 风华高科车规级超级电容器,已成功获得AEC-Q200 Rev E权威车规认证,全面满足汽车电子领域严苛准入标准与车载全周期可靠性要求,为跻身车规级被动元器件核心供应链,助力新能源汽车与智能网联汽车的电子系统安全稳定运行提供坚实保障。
...
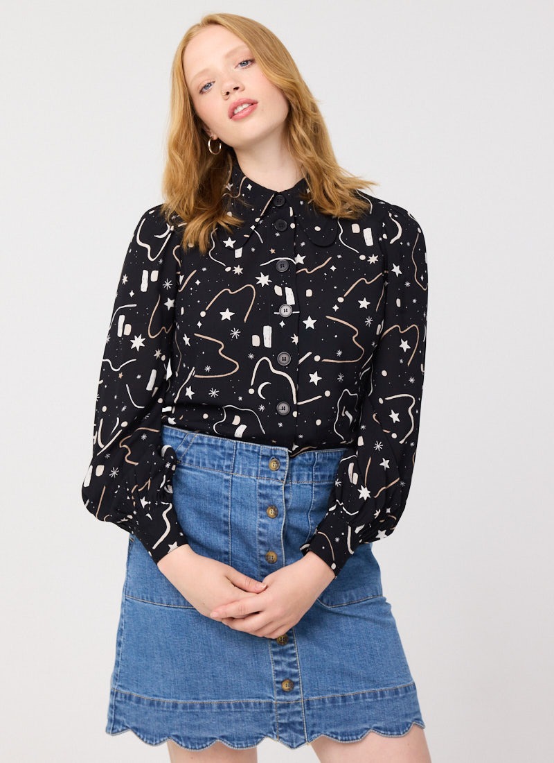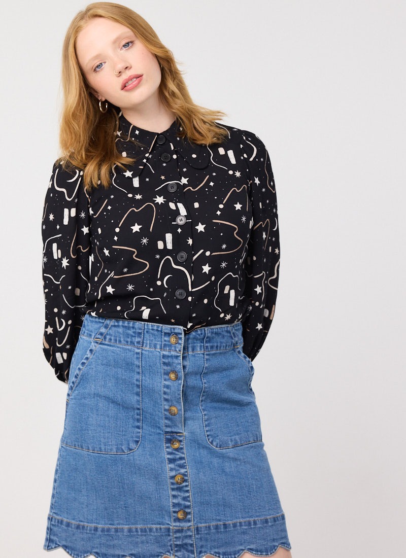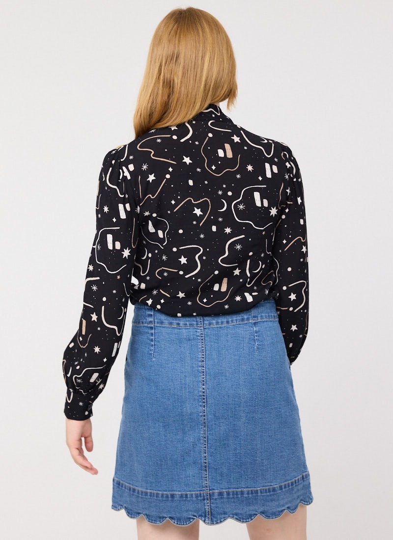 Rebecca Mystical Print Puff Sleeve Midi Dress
--
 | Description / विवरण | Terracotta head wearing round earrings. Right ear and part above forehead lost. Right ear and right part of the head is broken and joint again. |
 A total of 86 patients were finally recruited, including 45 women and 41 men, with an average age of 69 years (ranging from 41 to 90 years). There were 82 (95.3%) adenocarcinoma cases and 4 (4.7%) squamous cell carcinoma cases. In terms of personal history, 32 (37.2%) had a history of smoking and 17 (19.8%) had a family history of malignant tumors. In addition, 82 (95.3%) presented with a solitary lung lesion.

DIRECTIONS: Going back to the entries above, set down exactly the lines that begin at the one with "joint again. |" and end at the one with "A total of 86", both included, and nothing else.

RESULT OF THIS TASK:
 | Description / विवरण | Terracotta head wearing round earrings. Right ear and part above forehead lost. Right ear and right part of the head is broken and joint again. |
 A total of 86 patients were finally recruited, including 45 women and 41 men, with an average age of 69 years (ranging from 41 to 90 years). There were 82 (95.3%) adenocarcinoma cases and 4 (4.7%) squamous cell carcinoma cases. In terms of personal history, 32 (37.2%) had a history of smoking and 17 (19.8%) had a family history of malignant tumors. In addition, 82 (95.3%) presented with a solitary lung lesion.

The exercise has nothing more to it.